The dispute arose over a 160-acre property in San Juan County, New Mexico. Id., at ¶5. In 1927, Mabel G. Wilson, Eva C. Wilson and Judson Wilson (the “Wilsons”) as joint tenants, acquired the property by general warranty deed. Id. The deed listed the Wilsons “of San Diego, California” as purchasers of the property. Id. In 1928, the Wilsons conveyed the property to David Miller, reserving all of the oil and gas estate (the “Wilson Interest”). Id. No further conveyance or lease of the Wilson Interest was made until 2002. Id., at ¶13. Meanwhile, in 1931, David Miller had quitclaimed his interest in the property to his brother, Thomas Miller. Id., at ¶6. In October 1948, Thomas Miller (“Miller”) filed a quiet title action in the district court for San Juan County alleging that he was the fee simple owner of the property. Id., at ¶9. In his complaint, he named the Wilsons as defendants and stated that the Wilsons and their heirs were unable to be located and were not found after a sheriff search in San Juan County. Id. Miller then served the Wilsons and their heirs (hereinafter, the “Wilsons”) with notice of his quiet title action by publication in a New Mexico newspaper. Id., at ¶10. Consequently, when the Wilsons failed to respond to the notice, the court entered judgment quieting title to the property in favor of Thomas Miller and concluding that he was the owner of the property in fee simple. Id.

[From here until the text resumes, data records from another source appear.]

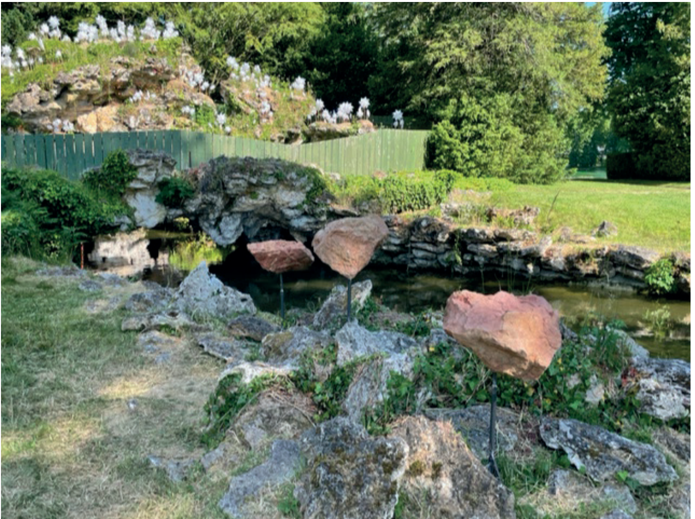
Gerard Kuijpers, Group of 3 stones from South Pyrenees, at exhibition Grandeur Nature , Château de Fontainebleau

Design Museum Gent, Gent, Belgium Deutsches Architektur Museum, Frankfurt , Germany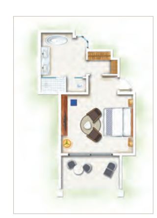
Paradis Beachfront / (2 inter-leading make up the 2-Bedroom Paradis Family Suite Beachfront)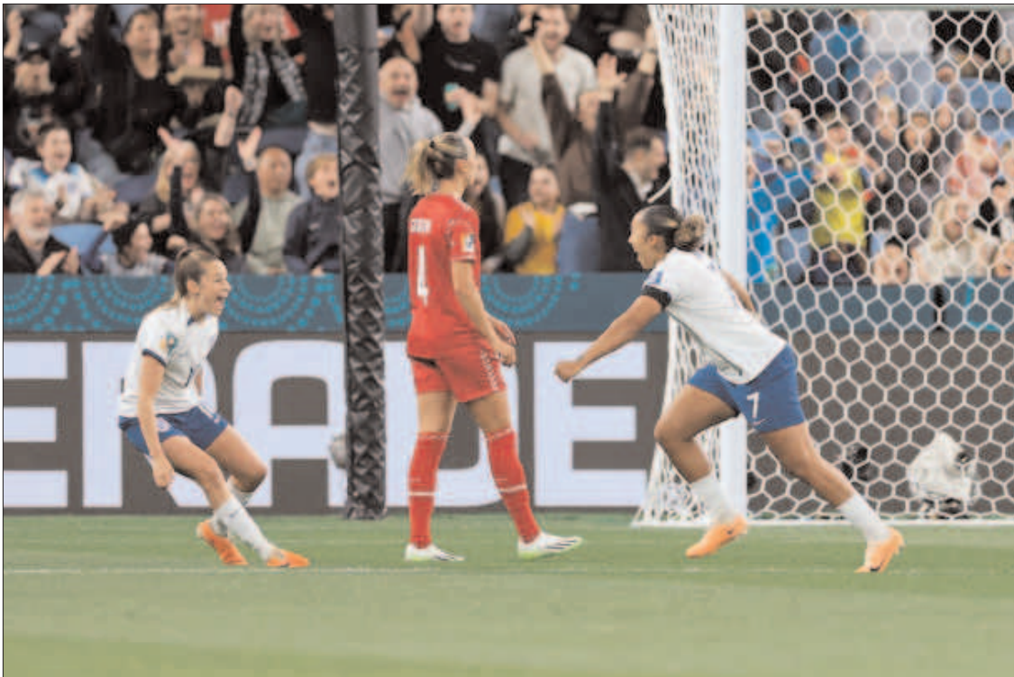
SYDNEY: Lauren James of England in action during the FIFA Women's World Cup Australia & New Zealand 2023 match between England and Denmark at Sydney Football Stadium.

LONDON (Agencies): Conor Benn says he is free to resume his boxing career, announcing he has been cleared by a UK Anti-Doping investigation into the two failed drugs tests that forced the cancellation of his fight with Chris Eubank Jr. Benn was formally charged by UKAD in April after twice testing positive for the female fertility drug clomifene in the build-up to October's domestic catchweight showdown. But the 26-year-old son of British great Nigel Benn revealed in a social media post that the charge has been dismissed. "Today marks the end of a gruelling 10-month process, during which the WBC (World Boxing Council) had already decided I was innocent of any wrongdoing," Benn said. He said he has been "vindicated for the second time" after a hearing with the National Anti-Doping Panel and UKAD. "Hopefully, the public and various members of the media can now understand why I have maintained my innocence so strongly all the way through," he added. "The UKAD process has now formally ended and I remain free to fight." October's proposed bout was intended to be a continuation of the Benn v Eubank feud in which the rivals' fathers -- Nigel Benn and Chris Eubank Sr -- battled it out in two ferocious contests in the early 1990s.

Nevertheless, in 2002, after a landman informed the Wilsons that they were the “current owners of the oil and gas” under the property, the Wilsons entered into a mineral lease agreement with T.H. McElvain Oil & Gas Limited Partnership (“McElvain”). Id., at ¶13. Both the Wilsons and McElvain filed a lawsuit asserting a claim to the mineral interests in the property and seeking a decree quieting title in favor of the Wilsons and McElvain as to all of the mineral interests in the property. Id., at ¶14.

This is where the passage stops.